Required environment variables:

  • Anthropic: ANTHROPIC_API_KEY
  • OpenAI: OPENAI_API_KEY
  • Azure: AZURE_OPENAI_ENDPOINT, AZURE_OPENAI_API_KEY, AZURE_OPENAI_DEPLOYMENT

Scenarios

Define test scenarios with prompts and evaluation criteria:

scenarios:
  - id: "search-and-analyze"
    servers: ["my-server"]
    prompt: |
      Search for items matching criteria X,
      then analyze the results and provide insights.

    eval:
      # Validate tool usage
      tool_constraints:
        required_tools: ["search", "analyze"]
        forbidden_tools: ["delete"]

      # Validate tool sequence
      tool_sequence:
        allow:
          - ["search", "analyze"]
          - ["search", "search", "analyze"]

      # Validate response content
      response_assertions:
        - type: "regex"
          pattern: "found \\d+ items"
        - type: "jsonpath"
          path: "$.summary.count"
          equals: 10

    # Extract metrics
    extract:
      - name: "item_count"
        from: "final_text"
        regex: "found (?<value>\\d+) items"

run_defaults:
  selected_agents:
    - claude-sonnet

Evaluation options:

  • tool_constraints - Which tools must/must not be used

    • required_tools: Tools that must be called
    • forbidden_tools: Tools that must not be called
  • tool_sequence - Valid sequences of tool calls

    • allow: List of allowed sequences (e.g., [["search", "analyze"]])
  • response_assertions - Validate the final response

    • regex: Pattern matching on response text
    • jsonpath: Query and validate JSON responses
  • extract - Extract metrics from responses

    • Capture values using regex named groups: (?<value>...)

🔑 Environment Variables

Add your LLM Agent API keys to .env for each provider you want to use:

Anthropic (Claude models):

# -----------------------------------------------------------------------------
# Anthropic Configuration
# -----------------------------------------------------------------------------
# Required for testing Claude models (claude-haiku-4, claude-sonnet-4)

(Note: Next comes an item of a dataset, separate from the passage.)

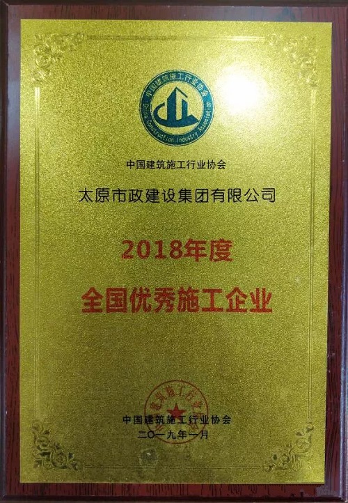 太原市政建設集團有限公司榮獲“2018年度全國優秀施工企業”榮譽稱號

ANTHROPIC_API_KEY=sk-ant-api03-XXXXXXXXXXXXXXXXXXXXXXXXXXXXXXXXXXXXXXXXXXXXXXXX

Azure OpenAI (GPT models):

# -----------------------------------------------------------------------------
# Azure OpenAI Configuration
# -----------------------------------------------------------------------------
# Required for testing GPT models (gpt-4o-mini, gpt-4o, etc.)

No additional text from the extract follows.